和研究有關的事情
Research Highlights
We are a structural biology research group and determine bio-macromolecule structures by X-ray crystallography, SAXS, or Cryo-EM. We aim to reveal the biological functions and working mechanisms of nucleic acid-binding proteins or multi-protein complexes involved in genome integrity maintenance and nucleic acid-mediated immune response. Also, our study can be used to understand the causes of genetic diseases and be applied in structure-based drug design.
The DEDDh exonuclease family (also named DnaQ-family of exonucleases) is one of our research targets, which constitutes thousands of members that play essential roles in RNA or DNA processing in prokaryotes and eukaryotes. All of the DEDDh exonucleases bear a conserved two-metal ion contained active site but diversified substrate binding site. The distinctive cellular functions and substrate preference of most DEDDh exonucleases can be linked to their specific substrate binding sites and need further studies.

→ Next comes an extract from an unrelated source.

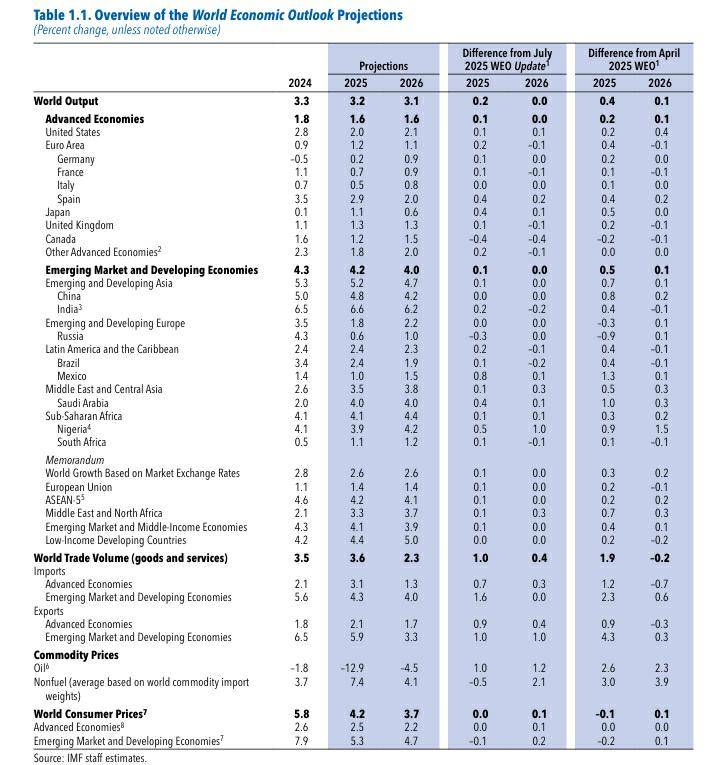 | | | | | Difference from July | | | Difference from April | | --- | --- | --- | --- | --- | --- | --- | --- | | | | Projections | | 2025 WEO Update1 | | | 2025 WEO1 | | | 2024 | 2025 | 2026 | 2025 | 2026 | 2025 | 2026 | | World Output | 3.3 | 3.2 | 3.1 | 0.2 | 0.0 | 0.4 | 0.1 | | Advanced Economies | 1.8 | 1.6 | 1.6 | 0.1 | 0.0 | 0.2 | 0.1 | | United States | 2.8 | 2.0 | 2.1 | 0.1 | 0.1 | 0.2 | 0.4 | | Euro Area | 0.9 | 1.2 | 1.1 | 0.2 | -0.1 | 0.4 | -0.1 | | Germany | -0.5 | 0.2 | 0.9 | 0.1 | 0.0 | 0.2 | ...

TREX1 and TREX2 are two DEDDh exonucleases of mammalian cells and are associated with nucleic acid-mediated immune responses. TREX1 is a cytosolic exonuclease responsible for degrading endogenous ssDNA, dsDNA, or RNA-DNA hybrid generated from DNA replication and endogenous retrovirus. Mutations in the gene encoding TREX1 are associated with many autoimmune diseases, such as Aicardi-Goutières syndrome (AGS) and Systemic Lupus Erythematosus (SLE). TREX2 is participating in various genomic integrity-maintaining pathways. Dysfunctional TREX2 leads to spontaneously broken chromosomes, reduced cell proliferation, and susceptibility to drug- or UV-induced skin carcinogenesis, highlighting the role of TREX2 in DNA replication and the importance of tumor suppression. In addition, overexpression of TREX2 in skin cells leads to the development of psoriasis phenotype by altering the apoptosis and influencing skin immune responses. Therefore, inhibitors or drugs that target TREX2 pathways may be useful in treating psoriasis. We are interested in the molecular mechanisms of TREX1 and TREX2 in various nucleic acid processing pathways and want to reveal the linkage between mutations and diseases. How TREX1 and TREX2 work with interacting partners in the nucleic acid metabolism pathways is the other question we want to address.

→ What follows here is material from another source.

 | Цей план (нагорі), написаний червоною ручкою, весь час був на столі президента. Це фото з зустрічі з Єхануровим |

Interestingly, some of the DEDDh exonucleases are essential for viral infection and replication, including Nsp14 of SARS Coronavirus, NP exonuclease of Lassa fever virus, and human TREX1 that is hijacked by HIV to digest nonproductive viral transcripts. These DEDDh exonucleases are the poetical target for anti-viral therapy. Therefore, we aimed to discover the inhibitors of viral DEDDh exonucleases by structure-based drug discovery and applied these inhibitors in anti-viral therapy.